Sheldon Gao of Schroder Investment Management and Standard Life Investments' Doris Wong will head up China UniversalÆs new office in Hong Kong.

After searching high and low in a long year, Shanghai-based China Universal Asset Management has finally nailed two senior hires for its proposed Hong Kong office. The office is expected to be ready for business by February.

Sources say Sheldon Gao, the well-respected China chief executive of Schroders' office in Shanghai, and Doris Wong, currently a Hong Kong-based investment director at Standard Life Investments, will join China Universal's new team. Gao will head up the Hong Kong office as CEO, reporting to Andy Lin, CEO in Shanghai, while Wong will exit a short stint in institutional sales and return to more familiar turf in retail sales.

Gao has helped put Schroders on the map for qualified domestic institutional investor (QDII) and institutional sales. He has also helped the firm deliver qualified foreign institutional investor (QFII) products and promoted its A-share strategies to overseas clients. Prior to Schroders, Gao has had a long track record in research and strategy development. He has worked for AllianceBerstein, Morningstar and Dow Jones Indexes. His role at Schroders will be assumed by Wu Hui on an interim basis, until the firm finds a permanent replacement.

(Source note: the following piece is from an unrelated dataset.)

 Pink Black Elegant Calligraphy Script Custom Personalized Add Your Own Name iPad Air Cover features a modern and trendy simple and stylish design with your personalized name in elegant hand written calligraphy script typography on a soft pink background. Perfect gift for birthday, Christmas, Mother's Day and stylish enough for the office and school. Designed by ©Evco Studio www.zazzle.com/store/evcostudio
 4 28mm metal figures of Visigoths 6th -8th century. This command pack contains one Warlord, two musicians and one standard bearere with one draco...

Meanwhile, Wong will formally move to China Universal in late February. With Wong's exit, Standard Life Investments (SLI) will be one person short of its required number of responsible officers. The Hong Kong office has been getting around the Securities and Futures Commission's licensing requirement by flying in listed responsible officers. James Cooper (SLI's Australia head) and Ross Teverson (a portfolio manager who was relocated to Edinburgh after the shut-down of SLI's regional investment function) have been regularly coming to Hong Kong for the required number of hours.

James Aird, Edinburgh-based head of strategic development, who has also filled the role of regional head of Asia since CEO Mike Reed's ousting, says SLI will be sending in reinforcements for salespeople and that SLI is committed to the institutional business in Asia. (The Scottish group -- with some $200 billion in AUM -- has been hiring since March and sources roughly $200 million from the region.)

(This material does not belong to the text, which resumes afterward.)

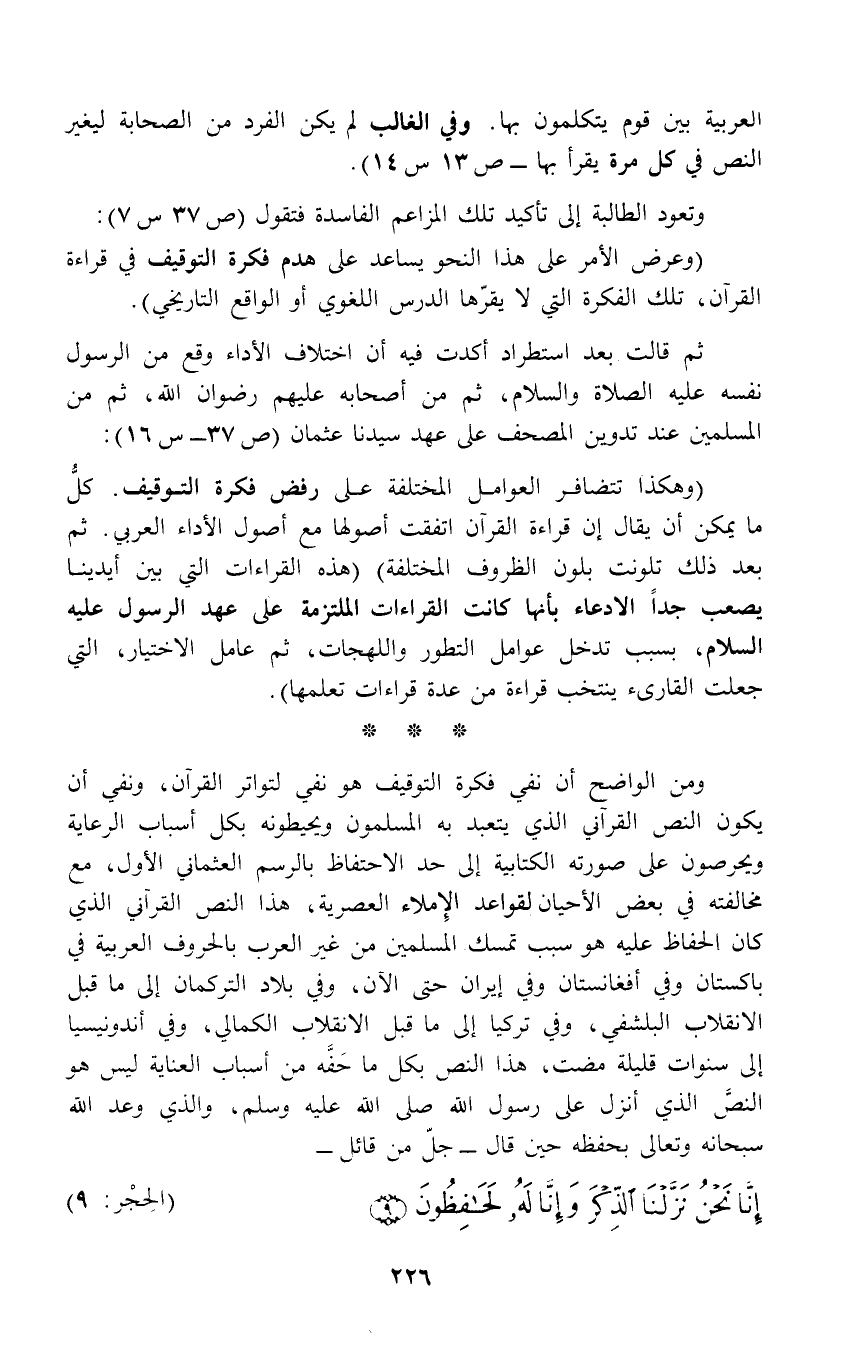 ومن الواضح أن نفي فكرة التوقيف هو نفي لتواتر القرآن، ونفي أن يكون النص القرآني الذي يتعبد به المسلمون ويحيطونه بكل أسباب الرعاية ويحرصون على صورته الكتابية إلى حد الاحتفاظ بالرسم العثماني الأول، مع مخالفته في بعض الأحيان لقواعد الإِملاء العصرية، هذا النص القرآني الذي كان الحفاظ عليه هو سبب تمسك المسلمين من غير العرب بالحروف العربية في باكستان وفي أفغانستان وفي إيران حتى الآن، وفي بلاد التركمان إلى ما قبل الانقلاب البلشفي، وفي تركيا إلى ما قبل الانقلاب الكمالي، وفي أندونيسيا إلى سنوات قليلة مضت، هذا النص بكل ما حَفَّه من أسباب العناية ليس هو النصَّ الذي أنزل على رسول الله صلى الله عليه وسلم، والذي وعد الله سبحانه وتعالى بحفظه حين قال - جلّ من قال -

China Universal's Lin could not be reached for comment as of press time. But insiders say the firm is now in the final stage of the SFC approval process for a licence to operate in Hong Kong. They expect the approval will take place by February.

The Hong Kong office will provide a support role to the firm's overseas business development and investment activities driven by China Universal's Shanghai head office.

In previous interviews with AsianInvestor, Lin has said he expects the Hong Kong team to help drive QFII advisory business. Lin has a view that the majority of global investors are under-invested in China A-shares. He wants the team to reach out to institutional investors in the US, Europe and Asia and promote the idea that the weight allocated by most global indices to China A-shares under-represents China's economic ascent, given the portion of global GDP the country contributes.

China Universal has also newly received a $1 billion forex quota from China's State Administration of Foreign Exchange for overseas investments as a qualified domestic institutional investor. Advised by US firm Capital International, the fund will have a much stronger tilt on Asia-Pacific equities compared with previously launched QDII funds. The fund is expected to launch early next year.

China Universal started out as an investment arm managing excess treasury reserves at China Eastern Airlines. It was officially approved to start business as a fund management house by the China Securities Regulatory Commission in 2005.

Under the leadership of Lin and chief investment officer Herbert Zhang (regarded as one of China's best bear managers), in just a short few years, the firm has grown to become the 12th largest fund house in China. Its AUM totalled Rmb56.1 billion ($8.23 billion) as of the end of September, according to Z-Ben Advisors.